Every faithfu' Murray follows
First of heroes, best of men
Every true and trusty Stewart
Blythely leaves his native glen
Athol lads are lads of honour
Westland rogues are rebels a'
When we come within their border
We may gar the Campbell's claw

Menzies he's our friend and brother
Gask and Strowan are nae slack
Noble Perth has ta'en the field
And a' the Drummonds at his back
Let us ride wi' gallant Murray
Let us fight for Charlie's crown
From the right we'll never sinder
Til we bring the tyrants down

MacIntosh the gallant sodger
Wi' the Grahams and Gordons gay
They have ta'en the field of honour
Spite of all their chiefs could say
Point the musket Bend the rapier
Shift the brog for Lowland shoe
Scour the durk and face the danger
MacIntosh has all to do

Repeat first verse

Footnote:  A song about the byous Lord George Murray, the outstanding Jacobite commander, which was published in Hogg’s Jacobite Relics. Lord George Murray (1694-1760), son of John Murray, 1st Duke of Atholl. Was out in both the 15 and 19 Jacobite Ridings and after a few years fighting abroad he was pardoned and returned to Scotland in the late 1720s.
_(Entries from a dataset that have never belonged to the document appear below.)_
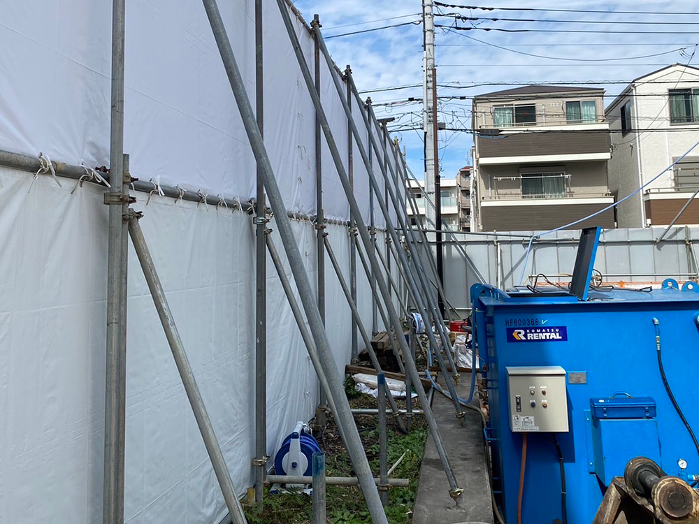 仮囲いを設置することで、工事関係者以外の立ち入りを防ぎ、通行人の安全を守るほか、工事時の粉じん・ホコリや騒音を外部へ出さないようにすることができます。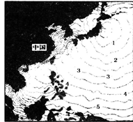 根据下图为2011年日本大地震引发海啸传播的等时线分布图(单位:小时)。 我国东海海域等时线分布较密集,说明海啸在该海域的传播速度( )。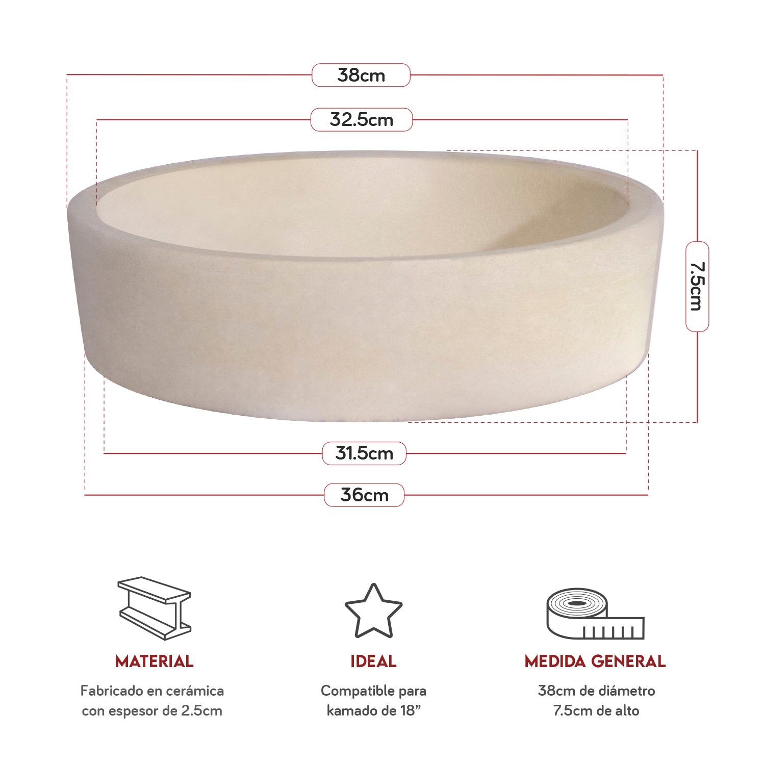 Este aro de fuego cerámico es el accesorio de repuesto para tu asador cerámico kamado. Fabricado con cerámica de alta calidad, este aro de fuego asegura una distribución uniforme del calor, permitiendo que las brasas se quemen de manera más eficiente y controlada. Es la pieza ideal para reemplazar un aro dañado o desgastado y mantener tu asador funcionando como nueva. Su diseño resistente y duradero garantiza una larga vida útil y un rendimiento óptimo en cada cocción.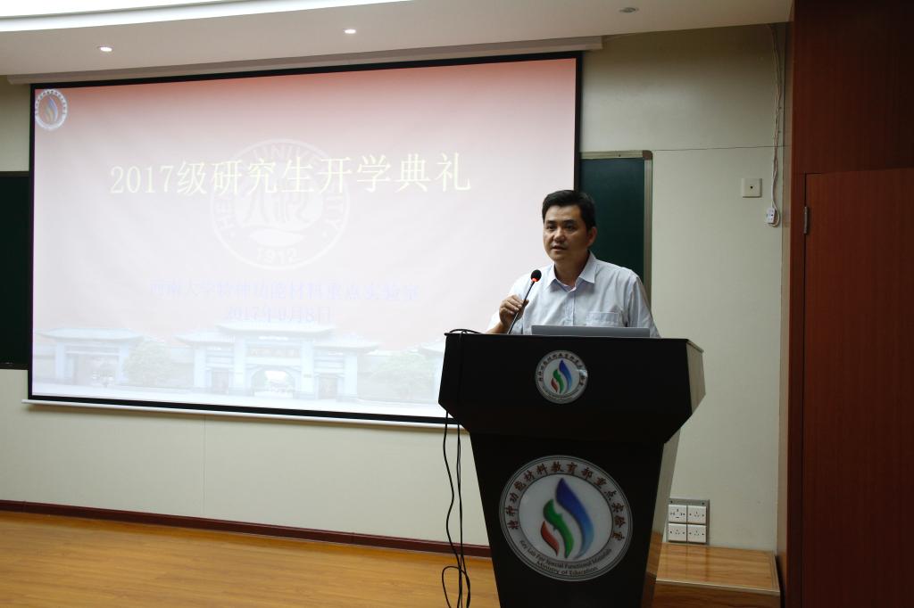 2017年9月8日下午,在庄严的国歌声中,特种功能材料重点实验室2017级研究生开学典礼在二楼报告厅隆重举行。重点科研机构党委书记张霖、副书记孔令刚,实验室副主任白锋、胡彬彬,课题组组长和特聘教授代表、青年教师代表、高年级研究生代表与会。典礼由孔令刚主持。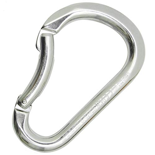 Moschettone in alluminio con leva curva ed ampia apertura della leva.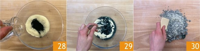Start with the green dough: in a bowl, pour the semolina, spirulina algae, and water 28. Mix first with a spoon to gather all the liquid 29, then knead by hand on the work surface, using a dough scraper 30.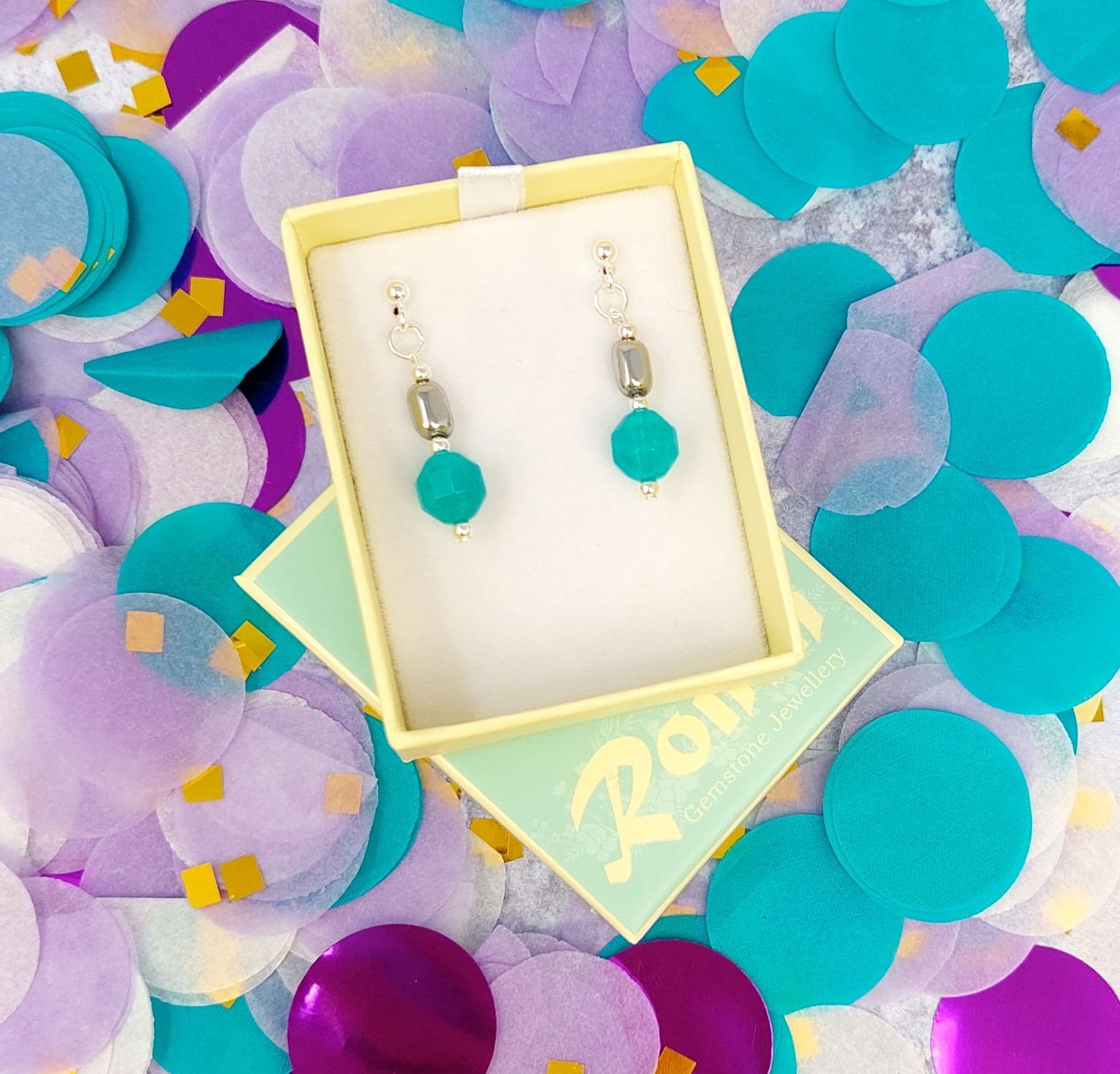 Agate gemstones with Haematite beads above.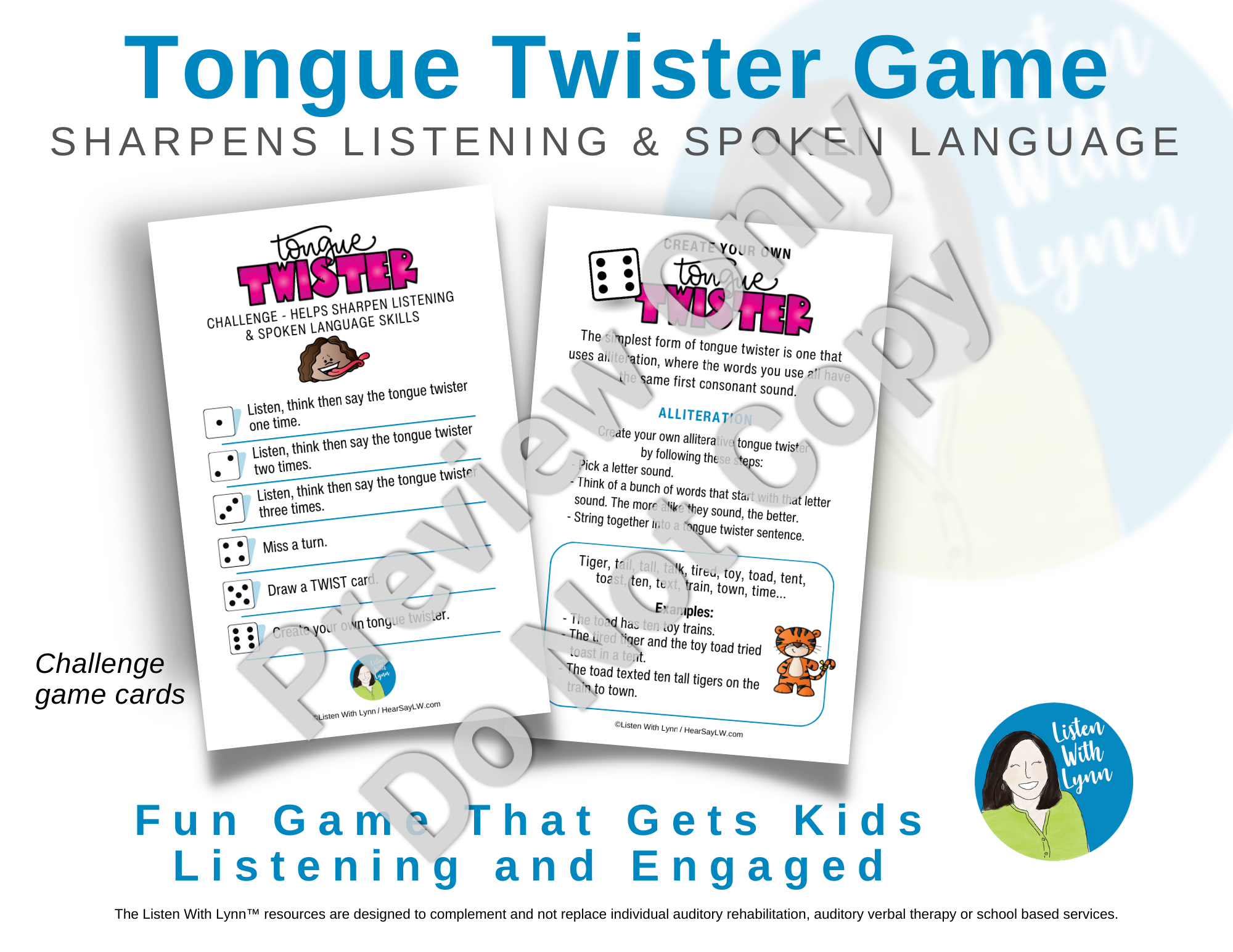 Do you have kids who need practice using clear and natural-sounding speech? The Tongue Twister Challenge Game is hilarious and gets kids listening, moving, and engaged! The game sharpens listening and spoken language skills.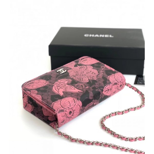 • 샤넬 프린트  램스킨 월릿 온 체인 WOC 백 핑크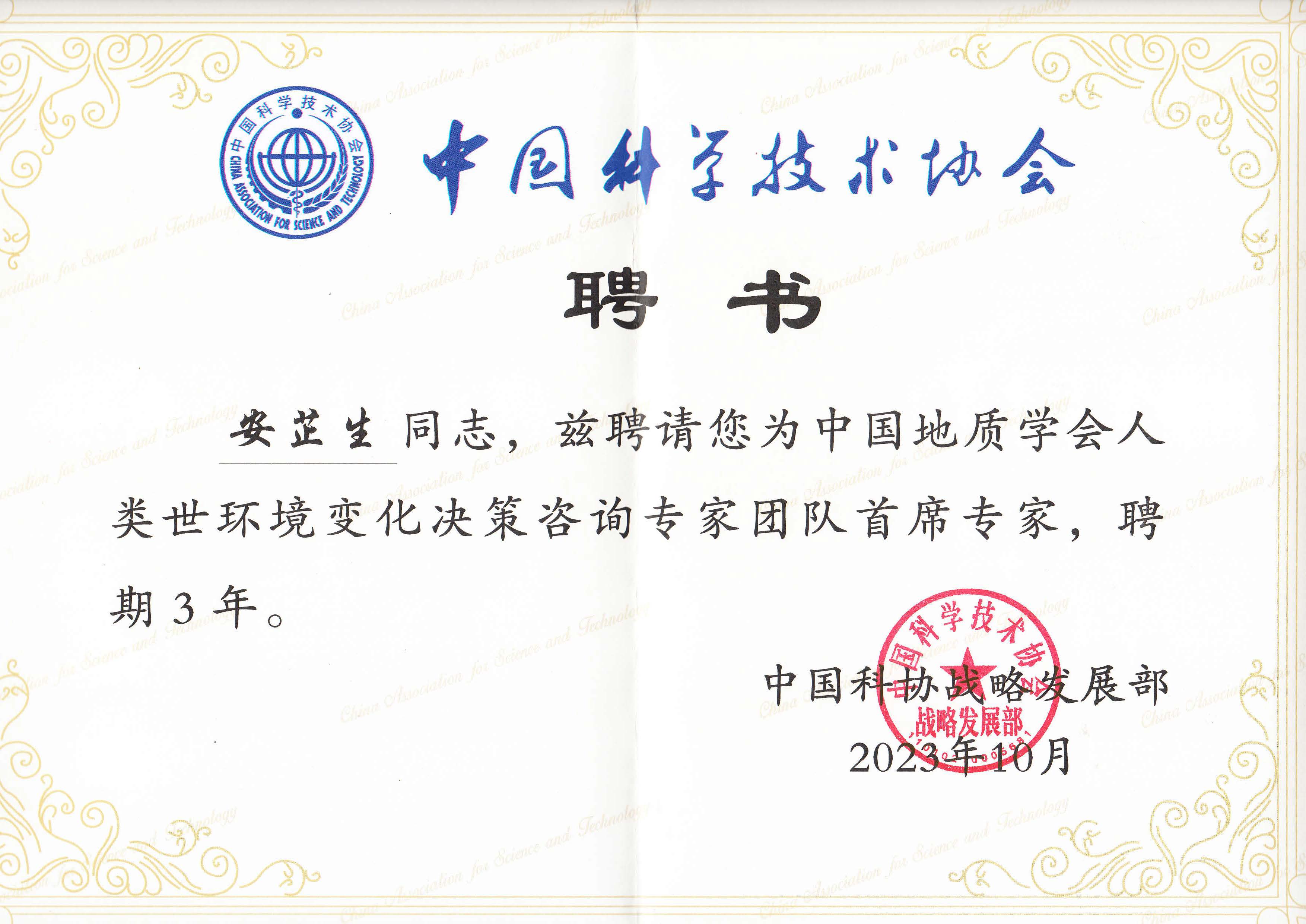 近日,中国科学技术协会遴选了中国科协决策咨询专家团队,经中国地质学会人类世研究分会推荐,以中国科学院地球环境研究所的安芷生院士和周卫健院士为首席科学家的团队受聘为中国地质学会人类世环境变化决策咨询专家团队。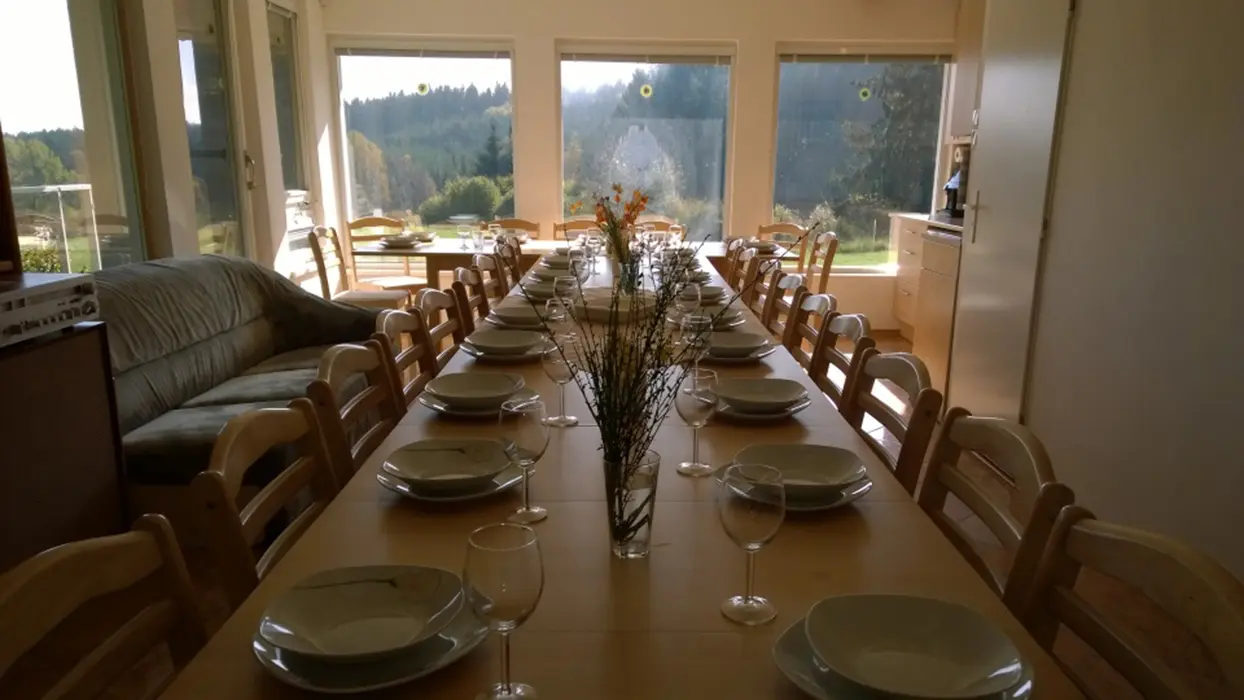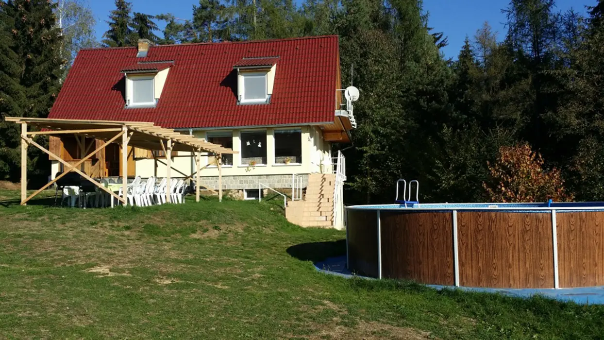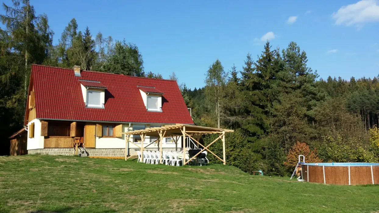 Ohniště, zahradní nábytek, 2 ha louka, stolní tenis, solárně vyhřívaný bazén, párty stan 5x8 m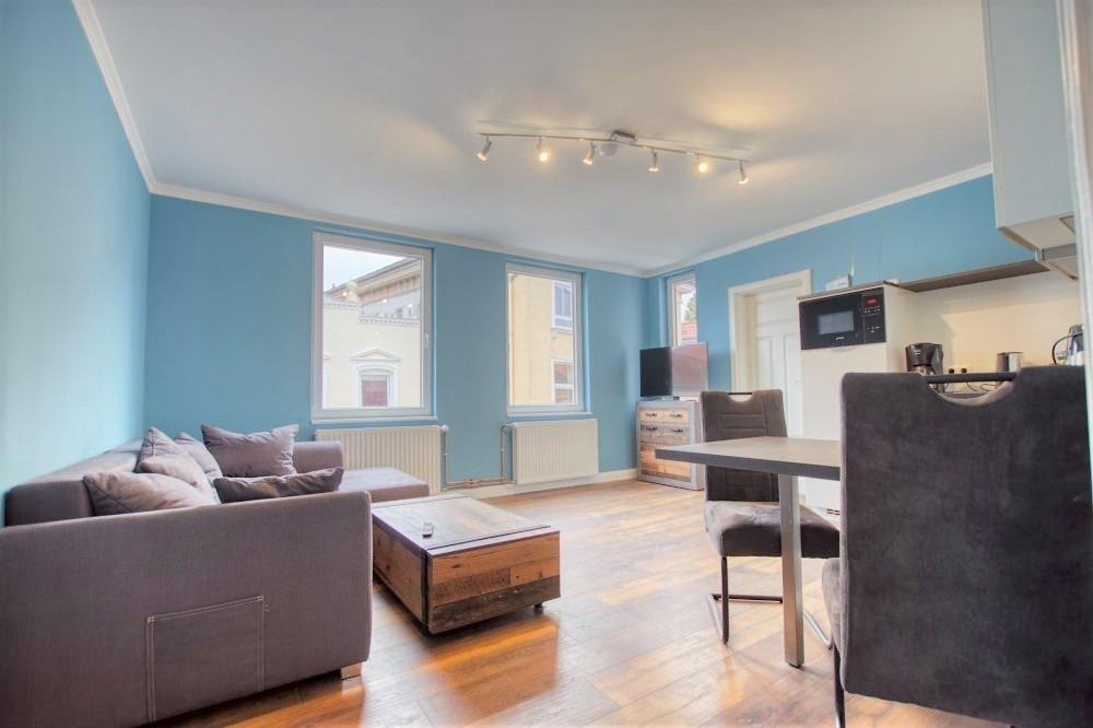 Wohn-/Esszimmer: mit TV, Schlafcouch und offener Küche, Ausrichtung zur Innenstadt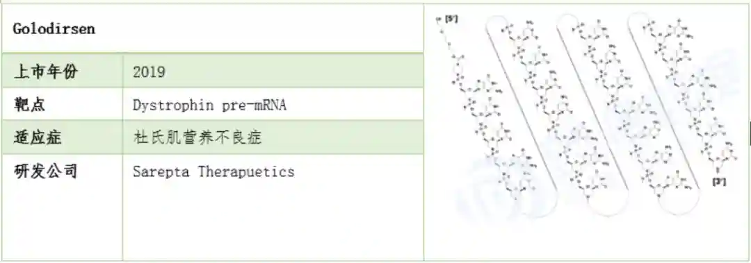 治疗杜氏肌营养不良症是哌嗪类药物的一大特色。该适应症目前仅有2个上市药物,哌嗪类Golodirsen是该适应症最新的上市药物。Golodirsen于2019年获美国FDA批准上市,该药是一种二氨基磷酸酯吗啉代寡聚体(PMO)亚类的反义寡核苷酸,可与肌营养不良蛋白前体mRNA的第53外显子结合,从而导致具有遗传突变且可跳过第53外显子的患者在mRNA加工过程中将该外显子排除在外。外显子53跳过旨在允许具有遗传突变且可适应外显子53跳过的患者产生内部截短的肌营养不良蛋白,因此该药被批准用于治疗杜氏肌营养不良。临床试验(NCT02310906)的结果证实,30mg/kg/周剂量的Golodirsen可使体内抗肌萎缩蛋白平均水平提高0.92%,与安慰剂相比效果显著()[3]。

In spite of many reservations he joined Prince Charles Edward Stewart in Perth during the 45 Rising. His relationship with the Prince was always fragile, In spite of the comment by Fitzroy Maclean that Lord George was “the military genius of the 45”, the Prince listened to others!. He proved his military skill at Prestonpans, the retreat from Derby and Clifton, and the last major Jacobite victory at Falkirk, Murray didn’t want to fight at Culloden, but the  right wing, under his command, was the only section to leave the field in reasonably good order and he proceeded to Ruthven. On receiving the order to disband he went to France and died in exile in 1760. I have little time for BPC but hold Lord George Murray, and the men who fought out of loyalty and for Scotland, in the highest regard.